#### Exercise:
What is the count of lines in the listing below that hold the string "Then"? Reply with that number alone.

#### Record excerpts:
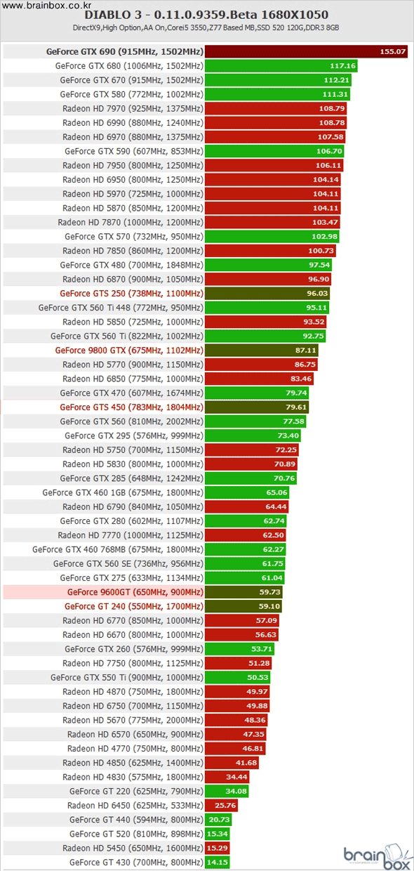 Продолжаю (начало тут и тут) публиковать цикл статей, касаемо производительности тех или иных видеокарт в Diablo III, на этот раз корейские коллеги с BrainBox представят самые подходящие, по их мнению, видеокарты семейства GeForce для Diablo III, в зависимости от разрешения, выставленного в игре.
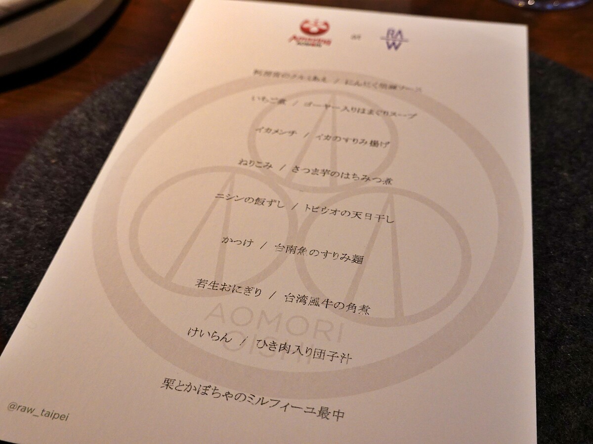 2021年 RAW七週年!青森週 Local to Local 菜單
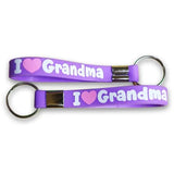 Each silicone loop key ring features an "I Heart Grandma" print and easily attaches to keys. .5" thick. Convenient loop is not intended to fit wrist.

---

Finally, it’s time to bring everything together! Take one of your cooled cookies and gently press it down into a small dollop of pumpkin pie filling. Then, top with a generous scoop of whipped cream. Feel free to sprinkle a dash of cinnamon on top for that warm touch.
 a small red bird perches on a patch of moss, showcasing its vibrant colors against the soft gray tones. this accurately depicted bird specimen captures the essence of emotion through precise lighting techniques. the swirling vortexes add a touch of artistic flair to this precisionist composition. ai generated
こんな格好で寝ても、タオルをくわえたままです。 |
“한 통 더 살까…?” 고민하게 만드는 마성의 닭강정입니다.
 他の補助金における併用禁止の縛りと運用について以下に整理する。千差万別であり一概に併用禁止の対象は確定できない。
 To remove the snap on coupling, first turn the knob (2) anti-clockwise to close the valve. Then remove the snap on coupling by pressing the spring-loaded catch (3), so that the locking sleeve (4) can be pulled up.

#### Exercise result:
2